A system for the instant transfer of funds is a recent collective innovation by the private sector, known as the Real-Time Payments network. RTP has the potential to connect all market participants and streamline business processes across industry sectors, simultaneously eliminating bank transfer or money transmitting app delays. For example, real-time payments could reduce or even eliminate the time to access funds sent to you from a loved one — this is a good thing!

Recently the Federal Reserve announced that it will move forward in creating its own faster payments platform, despite many uncertainties. This is something I would advise against. If the Fed continues on this path, I ask for increased transparency on why and how this government intervention is necessary.

The continued development of this innovative technology should be done in a responsible way. Right now, the private sector has the capability to connect banks and credit unions of all sizes on the RTP network.

The Fed developing a faster payments network as a competitor to the private sector raises two major concerns.

First, if the Fed develops a competing system the result could be market confusion. Meaning, many business entities will be hesitant to join the existing network, making it ineffective.

Many community financial institutions have already made the decision to join the RTP network, but others are hesitant to sign on until they know how the Fed’s platform will operate.

Second, the Fed creates a conflict of interest as it both supervises and regulates the private sector RTP system. There would be no mechanism for the regulated private entities to legally challenge the Fed’s decision.

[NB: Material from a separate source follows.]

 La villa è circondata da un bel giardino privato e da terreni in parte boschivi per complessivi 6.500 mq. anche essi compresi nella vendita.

And there is virtually no transparency or accountability from the Fed — not to me, not to Congress and certainly not to the American people.

When Fed Chairman Jerome Powell testified in Congress in July, I asked him some pointed technical questions about interoperability of competing systems. Powell agreed that there are serious concerns about technical development and policy.

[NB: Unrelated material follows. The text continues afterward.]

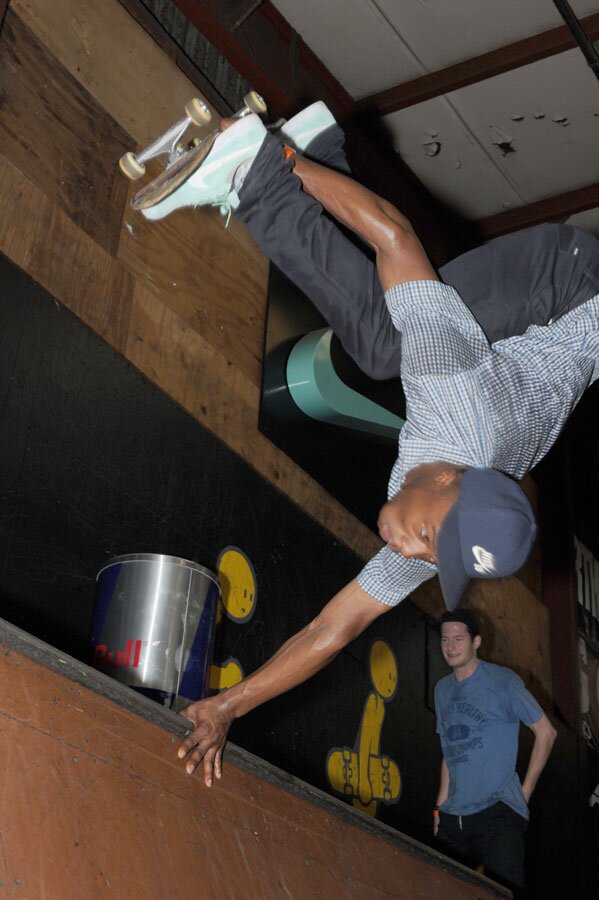 Man it must be awesome being able to do Andrects and not even know what they are. I asked Dashawn if he knows what this trick is called and he said, "like early grab melon or something?" Ha, nice. Dave Andrect was a pro before our time who invented this style of invert where you grab behind your front foot with your front arm.

Earlier this year, the Fed experienced an outage on one of its payment platforms for member banks and we still don’t know if the Fed is susceptible to cyberattacks, or if the Fed system was simply not up to snuff. A government agency should not be competing directly with the industry it regulates. A changing regulatory landscape is anathema to business planning, growth and fairness.

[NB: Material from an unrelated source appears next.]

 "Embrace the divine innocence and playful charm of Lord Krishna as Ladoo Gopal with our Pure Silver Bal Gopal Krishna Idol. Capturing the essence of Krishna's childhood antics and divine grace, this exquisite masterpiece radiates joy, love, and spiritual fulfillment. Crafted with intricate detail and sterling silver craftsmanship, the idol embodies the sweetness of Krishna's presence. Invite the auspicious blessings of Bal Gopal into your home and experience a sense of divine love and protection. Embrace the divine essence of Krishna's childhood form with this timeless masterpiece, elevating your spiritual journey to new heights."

More concerning is a regulatory agency proceeding with a lack of transparency on the development of a tool that competes with the private sector; and the cost to the taxpayer for this new tool. The Fed has not addressed potential weaknesses and gaps in interoperability, resiliency and cybersecurity.

Finally, but perhaps most important, we are left with unknown and unanswered questions on the part of the Fed as to how exactly this new system will work.

That is why I introduced legislation to require the Federal Reserve, before proceeding further with its own faster payments system, to publicly disclose how its platform will provide a clear public benefit; how much it will cost; and how the Fed intends to recuperate said costs. The Fed must also provide a justification for competing with private-sector companies who invested, innovated and entered the payments market. This is common-sense legislation that I hope all of my colleagues and businesses would support.

RTP is a groundbreaking new technology that could transform the financial industry and improve the financial health of millions of Americans, especially those living paycheck to paycheck. If we want to improve the viability of the payments system and ensure equitable and fair access for consumers, it is imperative that our laws and policies foster responsible innovation coupled with proper oversight of the regulators.

My bill is a necessary step to ensure the Fed acts with transparency. It is Congress’ duty to provide oversight of major government actions in the payments arena.

I cannot guarantee that any existing systems will be the perfect solution for facilitating real-time payments in the United States. But if history is any indicator, no one should be encouraging the Fed to both regulate and compete against private industry, and certainly not until we have all the answers.